The Seattle Times Co. today told its staff that it will reduce the newspaper's workforce by about 200, through layoff and attrition, and cut $15 million from the company's operating budget this year. Those figures are approximate, says spokesperson Jill Mackie. She said about two-thirds of the job cuts would result in actual layoffs, while a third are positions not presently filled. The company's Seattle-area employment is 1,845 full and part time people.
The magnitude of the layoff in coming months will depend to some degree on how many employees might be willing to volunteer to be laid off, with severance benefits. In a memo to employees, Alayne Fardella, the executive in charge of human resources, said the present estimate is 131 layoffs and 60 "frozen" positions going unfilled.

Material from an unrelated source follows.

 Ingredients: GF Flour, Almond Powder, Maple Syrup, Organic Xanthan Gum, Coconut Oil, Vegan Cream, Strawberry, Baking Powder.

The Seattle Times newsroom of several hundred workers will see elimination of 49 positions, with 30 people being laid off and 19 unfilled jobs staying that way. The paper plans to close bureaus in Snohomish County and in the Eastside suburbs, according to people familiar with the plan.

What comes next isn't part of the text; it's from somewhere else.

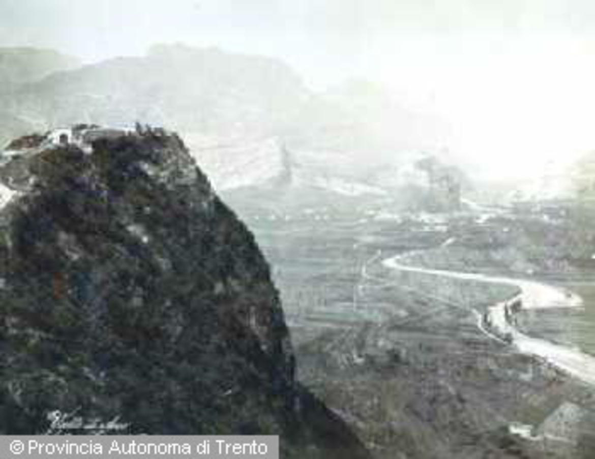 VALLE DEL SARCA. VEDUTA DELLA VALLE, IN PRIMO PIANO IL FORTE DI CAMPIDELLO. 1915-1918

The announcement comes during a time of turmoil in the newspaper business, with legacy print products attracting fewer readers and advertising dollars, while Web readership and advertising, though increasing, are failing to cover the gap. Though it is the state's biggest-circulation newspaper, The Seattle Times has been hit particularly hard, executives say, due to a 49-day strike in 2000-01 and a three-year legal battle with Seattle Post-Intelligencer owner Hearst over the two papers' joint operating agreement.
Layoffs in business departments of the Times will affect the P-I to some degree because the Times handles advertising sales, production, and distribution for both papers. Employees of the Times were told of the plan at noon-hour meetings at company headquarters in South Lake Union. At the P-I office a mile away, Publisher Roger Oglesby said: "The P-I has no layoffs planned at this time, but that is not to say layoffs won't happen here at some point, too."

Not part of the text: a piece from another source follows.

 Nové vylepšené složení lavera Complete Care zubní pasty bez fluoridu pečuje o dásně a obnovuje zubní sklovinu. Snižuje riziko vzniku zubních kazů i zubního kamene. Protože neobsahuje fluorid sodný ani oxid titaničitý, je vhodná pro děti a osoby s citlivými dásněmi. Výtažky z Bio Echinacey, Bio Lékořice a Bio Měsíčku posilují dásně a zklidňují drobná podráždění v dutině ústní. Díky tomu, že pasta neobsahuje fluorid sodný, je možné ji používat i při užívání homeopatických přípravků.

Last month, citing financial hardship, the company put up for sale three daily newspapers in Maine – the Portland Press Herald and Maine Sunday Telegram, the Kennebec Journal in Augusta, and the Morning Sentinel in Waterville. Besides The Seattle Times flagship, the company also owns two other dailies in Washington – the Yakima Herald-Republic and Walla Walla Union-Bulletin – as well as the NWsource.com Web portal.
In a memo to the Seattle Times Co. staff, CEO and Times Publisher Frank Blethen and Times Co. President Carolyn Kelly said the layoffs were "to better align our expenses to the reduced revenue we now anticipate."
"We recognize and regret that these decisions have a considerable impact on people's lives," the memo said.
Some Times staff members slated to be cut were notified in the newsroom shortly after the announcement, according to a union official.
Last month, Times Co. officials said the newspaper's print revenue fell by 10.7 percent in January and February and online revenue fell by 6.5 percent. "Our circumstances are in line with the newspaper industry nationally," the memo said.
Last month, Editor & Publisher, a newspaper industry trade publication, said all but three of the nation's top 30 newspaper Web sites had traffic gains in February, with both The Seattle Times and P-I showing increases. Citing figures gathered by Nielsen Online, E&P said traffic to the Times Web site rose 13.3 percent in February 2008, compared to February 2007, while the P-I recorded a 33.9 percent increase in February Web traffic compared to a year earlier.
Sandra Kataoka, a spokesperson for the Pacific Northwest Newspaper Guild, which represents Times and P-I staffers, said news and ad employees at the Times had received layoff notices. The union has not been formally notified of the layoffs, Kataoka said.
According to a posting on the Guild's website, P-I officials told members of the newspaper's staff in February that the paper had lost $30 million since 2000 and that it was facing its most substantial loss this year. In an e-mail to Crosscut, Publisher Oglesby declined to confirm the union's post, noting that Hearst, which owns the P-I, is privately held and does not release financial information. Oglesby added, however, "there's no reason to believe the P-I will be profitable this year."